The chord of the hyperbola `x^(2)/a^(2)-y^(2)/b^(2)=1`, whose equation is `x cos alpha +y sin alpha =p`, subtends a right angle at its centre. Prove that it always touches a circle of radius `(ab)/sqrt(a^(2)-b^(2))`

To solve the problem, we need to prove that the chord of the hyperbola \( \frac{x^2}{a^2} - \frac{y^2}{b^2} = 1 \), given by the equation \( x \cos \alpha + y \sin \alpha = p \), always touches a circle of radius \( \frac{ab}{\sqrt{a^2 - b^2}} \) when it subtends a right angle at the center of the hyperbola. ### Step-by-Step Solution: 1. **Equation of the Hyperbola**: The equation of the hyperbola is given by: \[ \frac{x^2}{a^2} - \frac{y^2}{b^2} = 1 \] 2. **Equation of the Chord**: The equation of the chord is: \[ x \cos \alpha + y \sin \alpha = p \] 3. **Condition for Right Angle**: For the chord to subtend a right angle at the center, the condition is derived from the pair of straight lines passing through the origin.
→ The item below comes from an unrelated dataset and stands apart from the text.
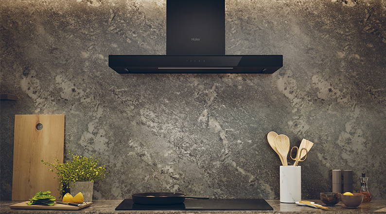 ✔ Moderný motor Haier dosahuje prúdenie vzduchu až 850 m³/h, vďaka čomu udržiava kuchyňu vždy čistú a tichú.

The condition can be expressed as: \[ \frac{1}{a^2} + \frac{1}{b^2} = \frac{\cos^2 \alpha + \sin^2 \alpha}{p^2} \] Since \( \cos^2 \alpha + \sin^2 \alpha = 1 \), we can rewrite this as: \[ \frac{1}{p^2} = \frac{1}{a^2} + \frac{1}{b^2} \] 4. **Combining Terms**: We can combine the terms on the right-hand side: \[ \frac{1}{p^2} = \frac{b^2 + a^2}{a^2 b^2} \] Thus, we have: \[ p^2 = \frac{a^2 b^2}{a^2 + b^2} \] 5. **Finding p**: Taking the square root gives us: \[ p = \frac{ab}{\sqrt{a^2 + b^2}} \] 6. **Circle Radius**: The radius of the circle that the chord touches is given by: \[ R = \frac{ab}{\sqrt{a^2 - b^2}} \] 7. **Proving the Touching Condition**: To show that the chord touches the circle, we need to show that the distance from the center of the hyperbola (the origin) to the line \( x \cos \alpha + y \sin \alpha = p \) is equal to the radius \( R \). The distance \( d \) from the origin to the line can be calculated as: \[ d = \frac{|p|}{\sqrt{\cos^2 \alpha + \sin^2 \alpha}} = |p| = \frac{ab}{\sqrt{a^2 + b^2}} \] For the chord to touch the circle, we need: \[ \frac{ab}{\sqrt{a^2 + b^2}} = \frac{ab}{\sqrt{a^2 - b^2}} \] This implies that the two expressions for \( p \) must be equal, confirming that the chord indeed touches the circle. ### Conclusion: Thus, we have shown that the chord of the hyperbola \( \frac{x^2}{a^2} - \frac{y^2}{b^2} = 1 \) given by \( x \cos \alpha + y \sin \alpha = p \) touches a circle of radius \( \frac{ab}{\sqrt{a^2 - b^2}} \) when it subtends a right angle at its center.